= Horace S. Judson =

American politician

Horace Sprague Judson (June 10, 1863 – November 22, 1926) was an American glove manufacturer and politician from New York.

== Life ==
Horace was born on June 10, 1863, in Kingsboro, a neighborhood in Gloversville, Fulton County, New York. His parents were Daniel Brown Judson, a prominent glove manufacturer, and Phoebe E. Brown. His brother was John B. Judson.

He attended, Williston Seminary, Union Classical Institute, and Union College. He graduated from Union College in 1886, and was a member of the Delta Phi fraternity's Alpha chapter.
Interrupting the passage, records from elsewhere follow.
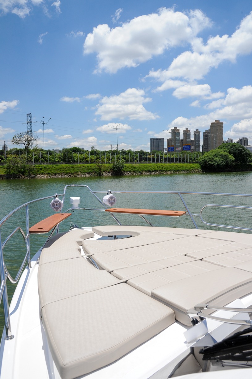 O maior barco do São Paulo Boat Show 2020 tem capacidade para 15 passageiros, além do piloto, e ainda conta com um acesso confortável à proa do barco, ampla para banhos de sol.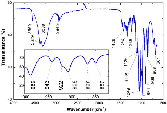 The FTIR spectra of sucrose. Inset shows the zoomed-in peaks in the region (650–1100 cm−1).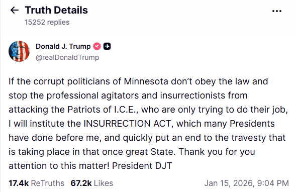 特朗普社媒截圖 特朗普當天在社交媒體發文稱:“若明尼蘇達州腐敗政客不遵守法律、不制止那些攻擊僅履行職務的移民與海關執法局‘愛國者’的職業煽動者與叛亂分子,我將啟動《叛亂法》。” 《叛亂法》是一部頒布於1807年的法律,授權總統在美國本土動用正規軍隊執行國內執法任務。該法案上次啟用是在1992年洛杉磯騷亂期間。 此次明尼蘇達州示威的導火索,源於上周移民部門人員在明尼阿波利斯市執法期間開槍擊斃一名美國女性公民,此舉激起民眾不滿。當局事後更增派執法人員進駐,多次與示威者發生衝突。14日,聯邦執法人員又在當地開槍擊中一名男子腿部,進一步加劇了緊張局勢。 過去幾天,抗議示威持續升級:執法人員動用催淚瓦斯與震爆彈驅散人群,部分示威者則以燃放煙花回應。 明尼蘇達州民主黨籍州及地方官員譴責聯邦執法力量的介入,稱其已對社區造成嚴重破壞;特朗普政府則為行動辯護,強調這是清除非法居留移民的必要舉措。 特朗普此前曾多次威脅動用《叛亂法》,並稱其為“總統擁有的最強大權力”。分析指出,特朗普的最新表態表明,《叛亂法》已成為他推進數月來加強聯邦政府對民主黨執政城市及州控制力計劃的選項之一。 若正式啟動《叛亂法》,特朗普將可繞過1878年《地方治安法》——該法明確禁止美軍執行國內執法任務。(完) 【編輯:淩玉輝】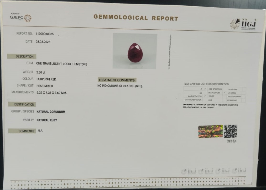 Beautiful 2.36 Cts Natural Ruby (AAA-Mines) sva 2+ Ratti RUBY. Free Horoscope & Free Pundit Ji Astrological Advise / Consultation. Original Natural Lab certified gems by IGI GTL / Birth stones / Large Gem Selection of shree shubh Rashi Ratan Vedic dhan at Gem Mines. May Bhagwan Brahma, Vishnu, Shiv & Universe bless you.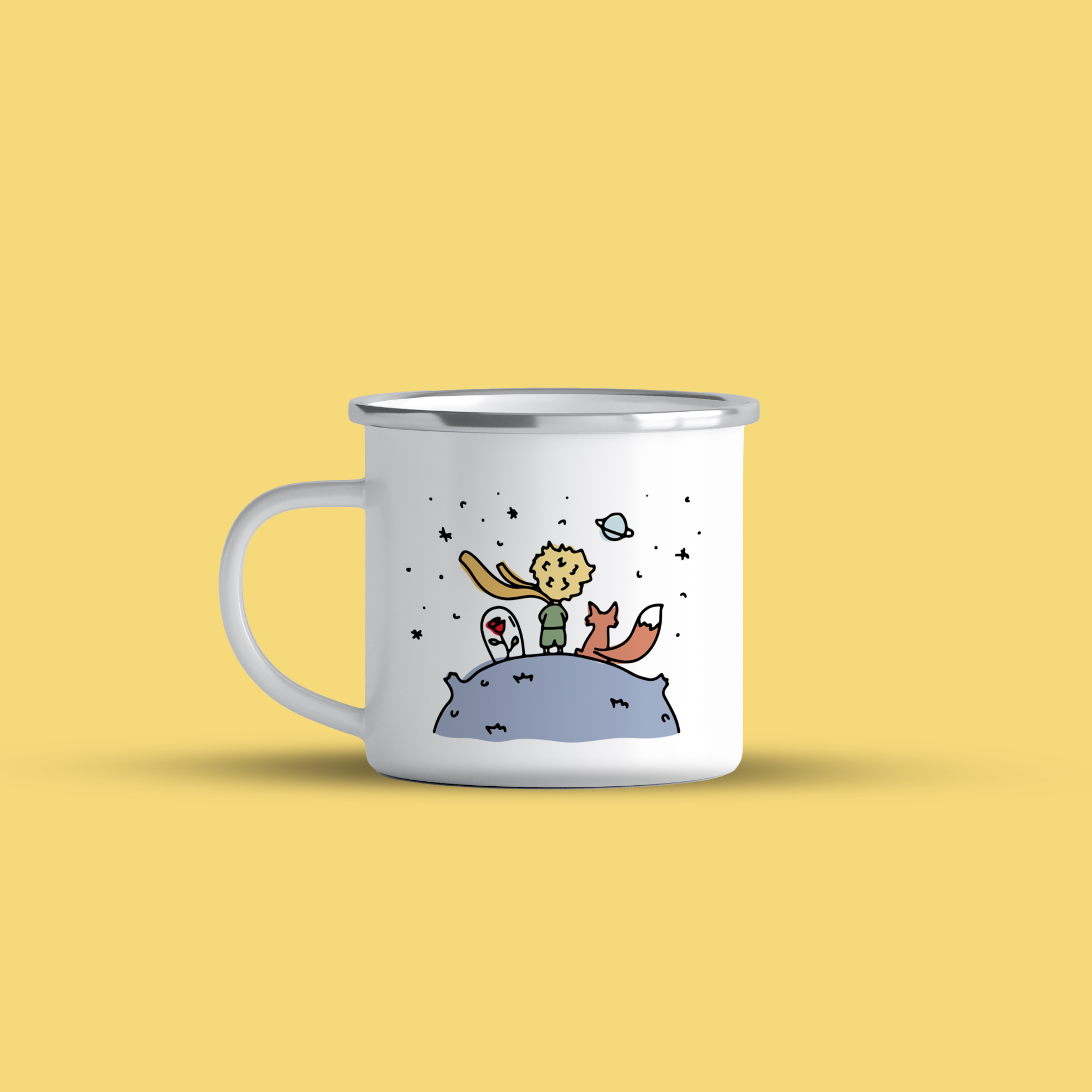 Cană emailată Planet B612, alb, ibrik, 360 ml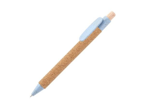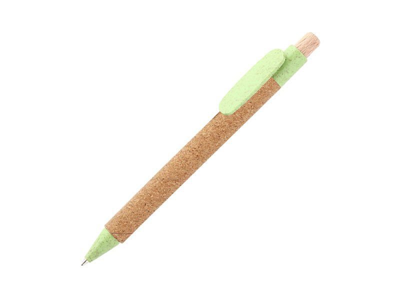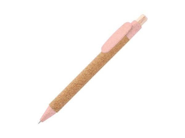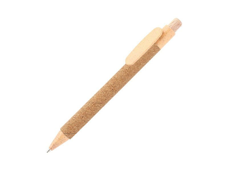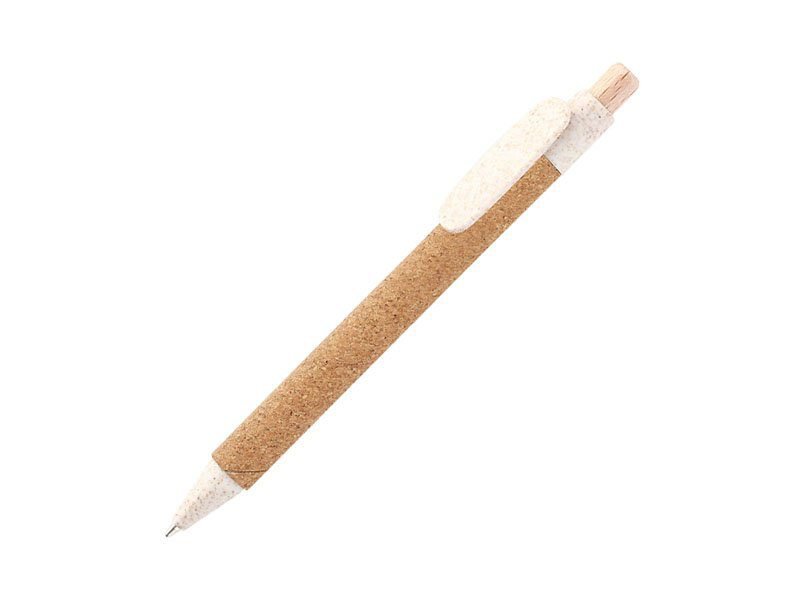 Bolígrafo retráctil fabricado en corcho, clip en fibra de trigo y botón de madera.
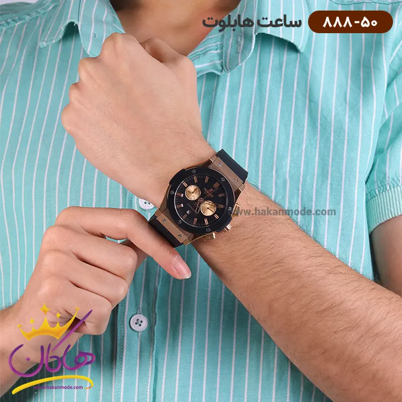 در خرید ساعت هابلوت مردانه بند رابر، توجه داشته باشید که از نظر قیمت در حد متوسط و از نظر کیفیت از بهترین نمونه های ساعت “های کپی” است. موتور این ساعت ساخت ژاپن و از نوع کوارتز است. این مدل ساعت هابلوت، سه موتوره و از نوع کرنوگراف است. ساعت هابلوت مردانه بند رابر مشکی کرنوگراف اندکس رزگلد 888/50 دارای استاندارد 3 ATM است یعنی تا حد شستشوی دست‌ها ضدآب است. داشتن یک‌سال گارانتی موتور و پنج سال ضمانت تعویض باتری از دیگر دلایل محبوبیت این ساعت سه موتوره است. این ساعت بند رابر بهترین گزینه برای استایل اسپرت و امروزی است، پس با خیال راحت آن را به دست بیندازید و به مهمانی، خرید یا دانشگاه بروید.
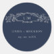 Navy Blue botanical crest monogram wedding Classic Round Sticker
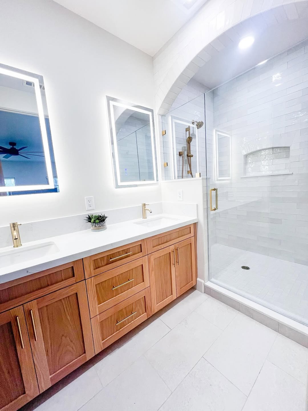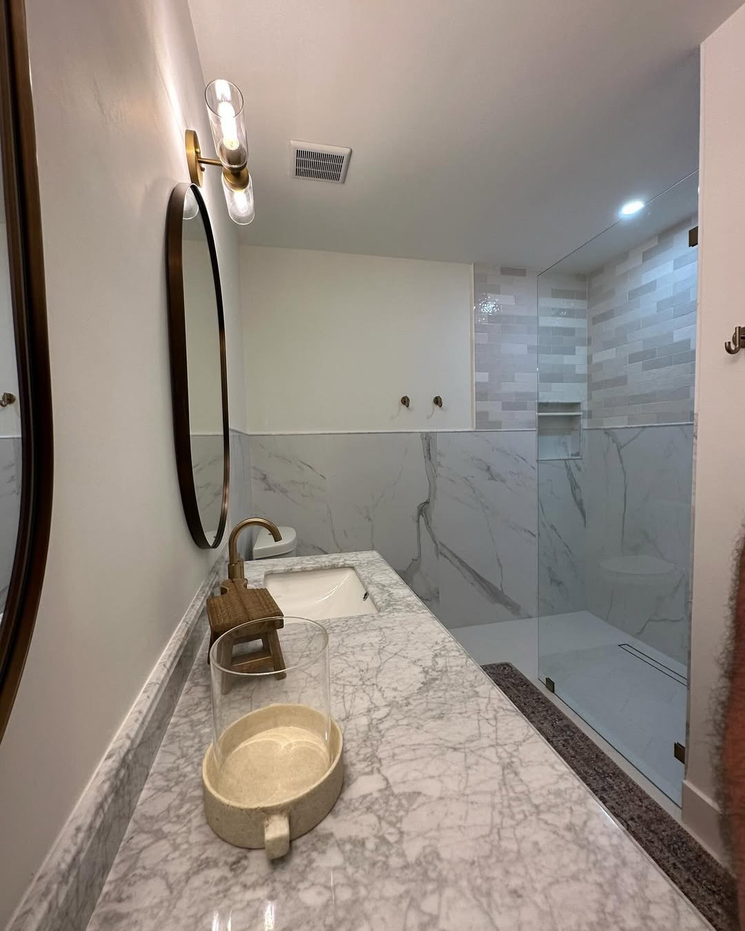 And those backlit mirrors? Instant upgrade. It’s the kind of bathroom that feels calming the second you walk in… like your stress just quietly clocks out.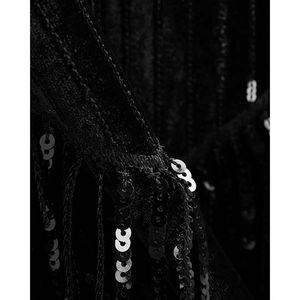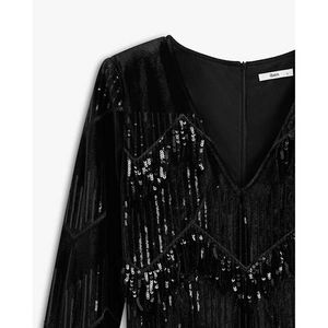 Kjole med dyp utrigning, paljetter og frynser. Skjult glidelås på ryggen. En kjole med langer ermer, skulderputer og attitude. Normal i størrelsen. Velg din vanlige størrelse.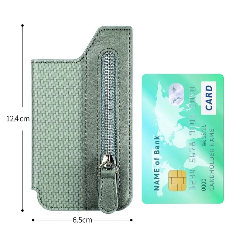 Credit Card Holder For Cell Phone adopts a practical design, which can store about 6 cards and some money, with a small window to store coins and keys.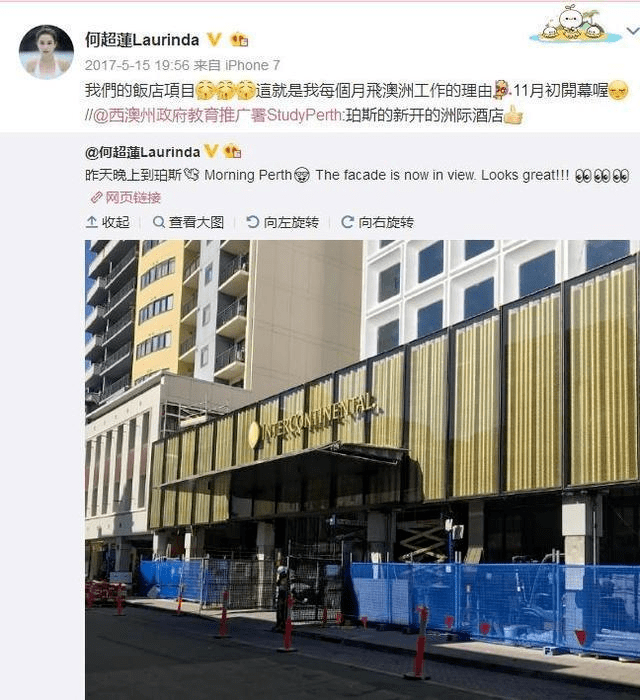 令人惊叹的是,何超莲在年仅26岁时就靠着自身的知识储备和独特的人生经验,完成了一项大型项目。2017年,她公开宣布自己投资的澳洲洲际酒店即将启业。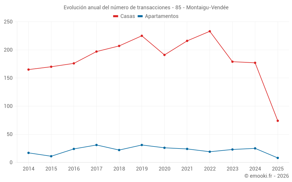 El precio mediano en las 22 transacciones de apartamentos de los últimos 12 meses en la comuna de Montaigu-Vendée fue de 2 377 € por metro cuadrado para un valor patrimonial medio de 119 500 €. Durante este período el 60% de las transacciones estuvieron entre 2 102 y 2 995 € por metro cuadrado (del 2º al 8º decil).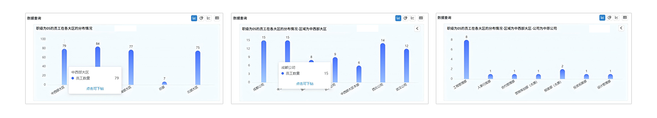 - 以“总部-区域-公司-部门”为例,自动构建业务分析,实现层层穿透进行业务洞察。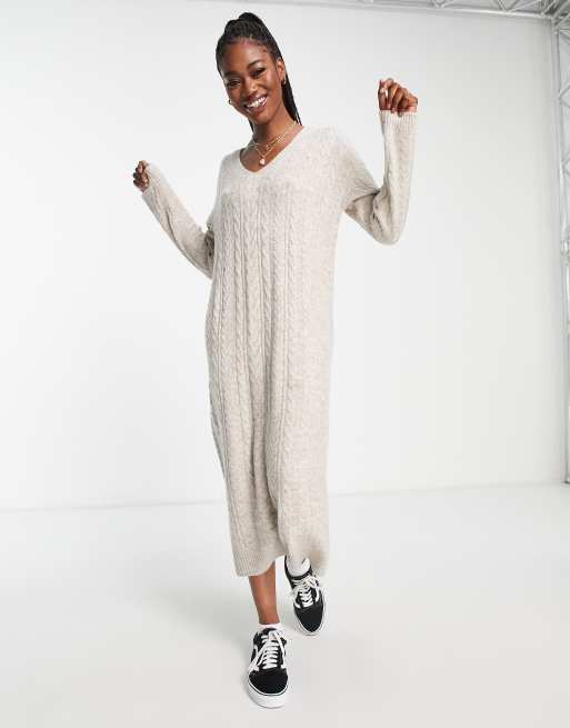 Damen Strickkleid Langarm - Zopfmuster Mit Rock | Übergroßes Pulloverkleid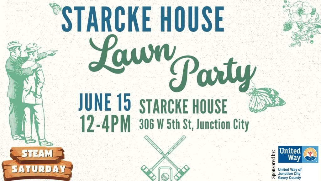 On Saturday, June 15th, from 12:00 to 4:00 p.m., the Geary County Historical Society and Museum (GCHS) invites the public to a special Victorian Lawn Party at the Starcke House, located next to the museum in Junction City.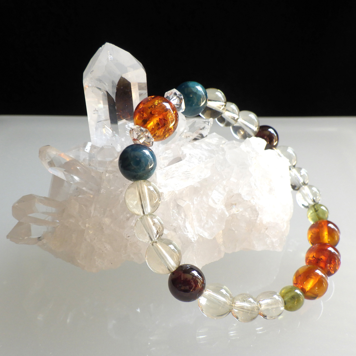 オリジナルブレスレット(アンバー・ブルーアパタイト・ガーネット・ペリドット)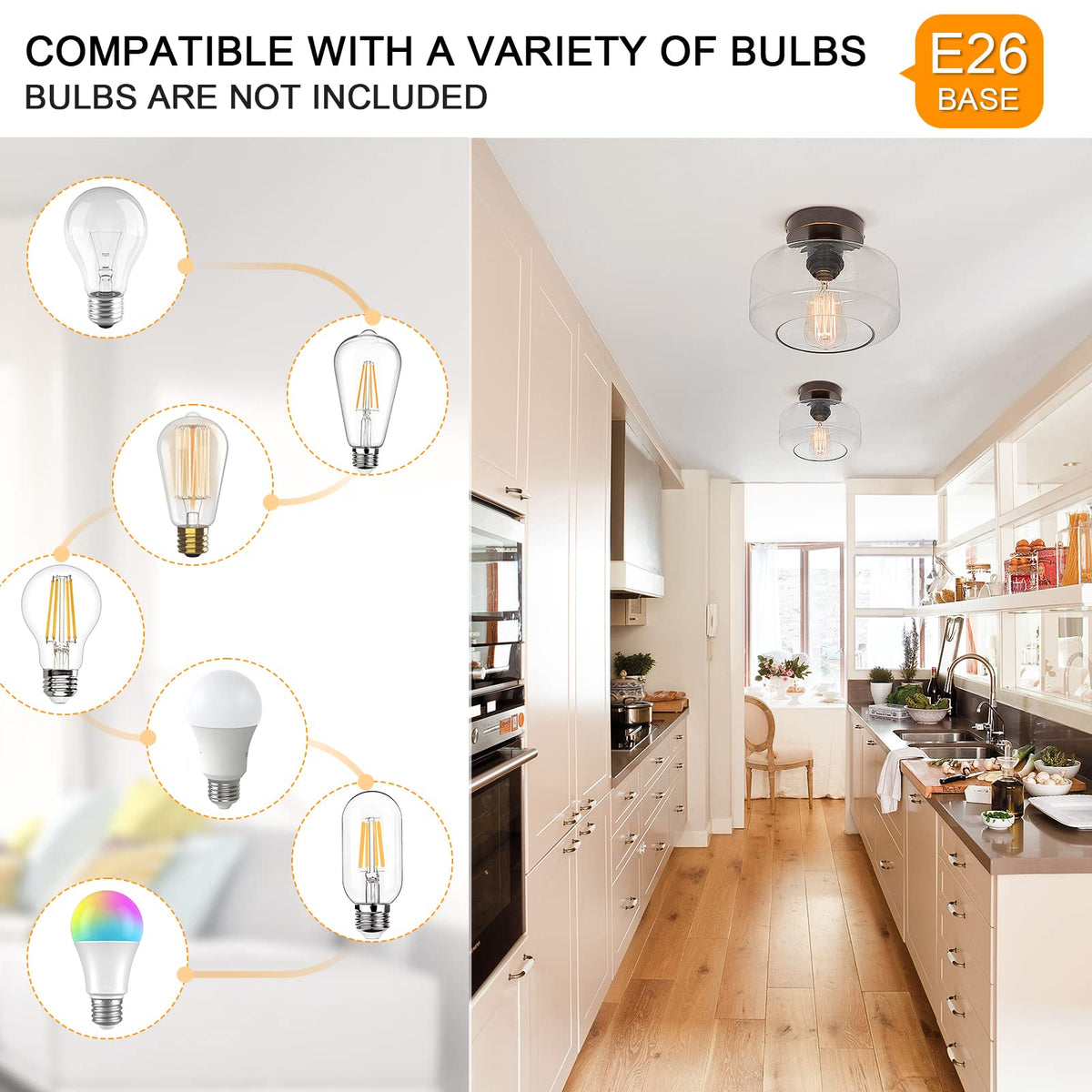 ?Specifications Voltage: 120Vac Maximum Wattage: 60W Frequency:50/60Hz Base Type: E26 Base Material: Metal & Glass Color: Oil Rubbed Bronze Style: Antique, Vintage Bulb Not Included ?Package Include 1 X Glass Shade 1 X Metal Base 1 X User Manual ?Installation Procedures 1.Unscrew The Mounting Plate From The Base; 2.Attach The Mounting Plate To The Wiring Box; 3.Connect The Wires Separately; 4.Screw The Base Back To The Mounting Plate; 5.Unscrew The Fixing Ring From The Metal Base; 6.Fix The Glass Shade To The Metal Base By Tightening The Fixing Ring; 7.Install An E26 Base Bulb (Not Included).Note: 1. Please Consult A Qualified Electrician If You Are Not Sure How To Install.2.These Ceiling Lights Can Be Used In The E26 Base Lightbulbs. Ideal For House, Hotel, Offices, Restaurants Or Any Other Places! 3.The Semi-Flush Ceiling Light Is 4.72*7.09 Inches, Good Shape For Commercial Lights Or Any Space That Needs Bright Home Lighting.

After graduating, Horace returned to Gloversville, where he worked as a glove manufacturer. He was president of the local Eureka Club. Between 1890 and 1892, he served as an alderman for Gloversville.

In 1891, Horace was elected to the New York State Assembly as a Democrat, representing Fulton and Hamilton counties. He served in the Assembly in 1892.

Horace was married twice, first to Jessie Belden and then to Mabel Marstellar.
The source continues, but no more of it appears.